Trading volume was heavy with $956.9 million changing hands during the day.
As this developed, Bangko Sentral ng Pilipinas (BSP) Governor Nestor Espenilla Jr. said regulators will take “all actions necessary” against “speculative activity by market participants” who have pushed the currency down in recent weeks.
The BSP also unveiled a dollar hedging mechanism introduced during the 1997 East Asian financial crisis in a bid to cushion the peso’s precipitous drop. The mechanism was used heavily during the financial markets turmoil in the lead up to former President Joseph Estrada’s resignation in 2001.
Espenilla said the Currency Risk Protection Program (CRPP) would be made available to eligible corporations with foreign exchange obligations based on more liberalized rules.
With this scheme, regulators hope that big corporations with future dollar needs will not rush to buy them early, thus aggravating the peso’s weakness.
The CRPP is a nondeliverable forward hedging facility which is aimed at alleviating demand pressures in the foreign exchange spot market from borrowers seeking to hedge their future foreign exchange exposures.
Under the facility, parties agree that, on maturity of the forward contract, only the net difference between the contracted forward rate and the spot rate shall be settled in pesos.
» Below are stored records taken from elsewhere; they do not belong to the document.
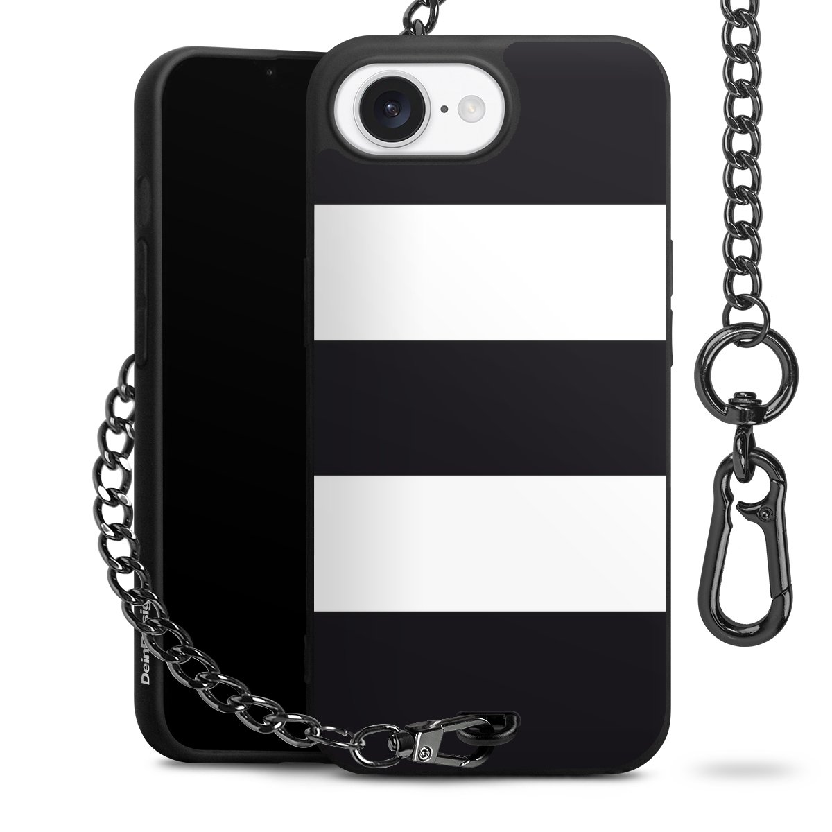 - Mattschwarze Handyhülle mit Metallkette
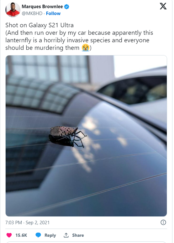 “Run over by my car because apparently this lanternfly is a horribly invasive species and everyone should be murdering them,” writes New Jersey’s social media influencer Marques Brownlee.
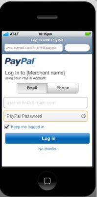 Now developers and merchants can enable Log In With PayPal on mobile sites. Consumers only need to remember one username and password (or mobile number and pin) to sign in, and have credit card and shipping address information filled in automatically. PayPal feels that there is huge potential for the technology on mobile since many consumers abandon their shopping carts when having to remember multiple passwords or fill in forms with shipping and billing info on phones.
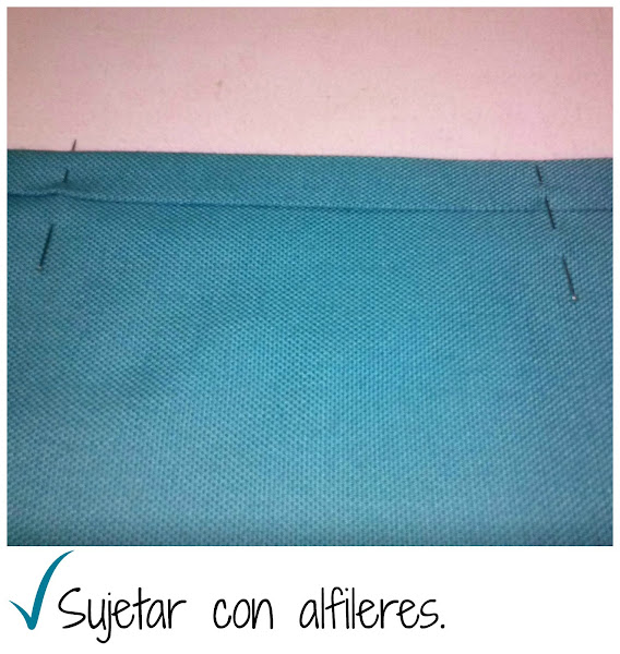 Una vez que hemos marcado los dobladillos, orillos, o como prefiráis llamarlos, con la plancha, es el momento de sujetarlos con unos alfileres para que el trabajo que acabamos de hacer con la plancha, no se pierda
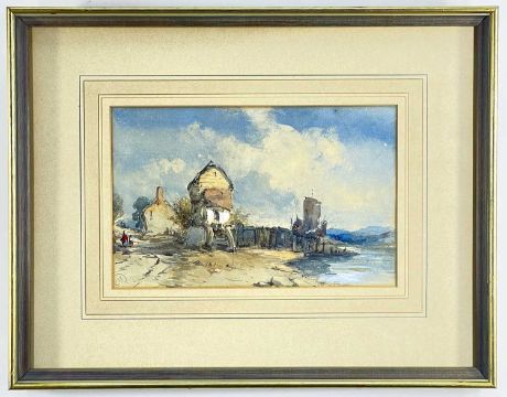 FOLLOWER OF DAVID COX, watercolour - riverbank with cottages and figures, signed with initials, 'GJK' lower left,17.5 x 27.5cm
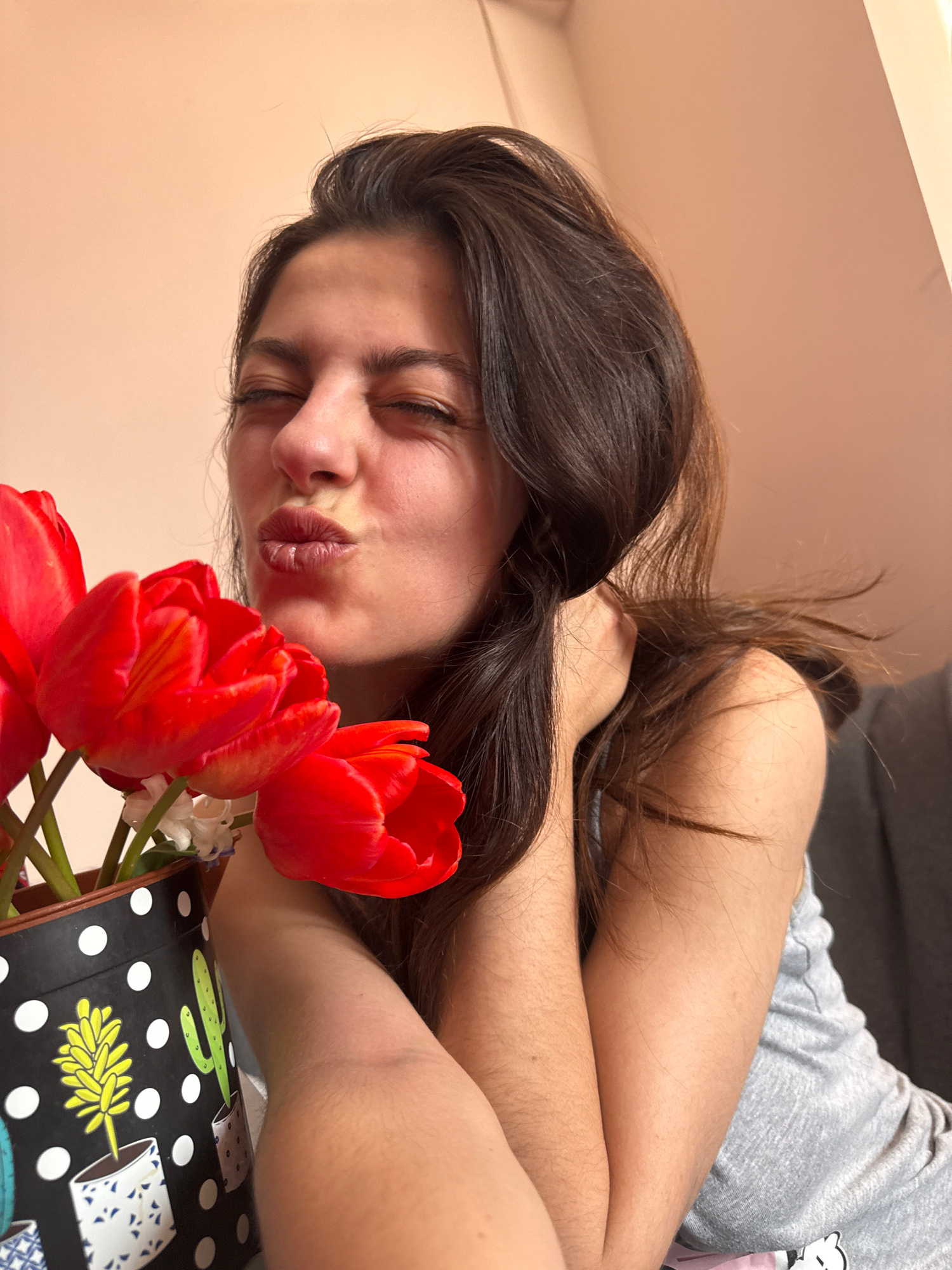 A young woman is lying down with a bouquet of red tulips. She is wearing a gray shirt and has brown hair. The bouquet of flowers is in a black box with a cactus and plant pot design. The environment i…read more

The BSP will make the CRPP available to eligible borrowers through the commercial banks.
Espenilla said the BSP would take “strong immediate action using the full range of instruments in its toolkit” to respond to emerging threats of inflation and inflation expectations.
The regulators’ move to buttress the peso is also meant to address the country’s record-high inflation rate of 6.4 percent in August, as a weak currency pushes up the cost of imported goods, including petroleum.
“The follow-through actions will also address the other threats (resulting in) higher inflation, such as excessive exchange rate volatility not consistent with underlying macroeconomic fundamentals, to ensure that inflation returns to its 2 to 4 percent target over the policy horizon,” Espenilla said.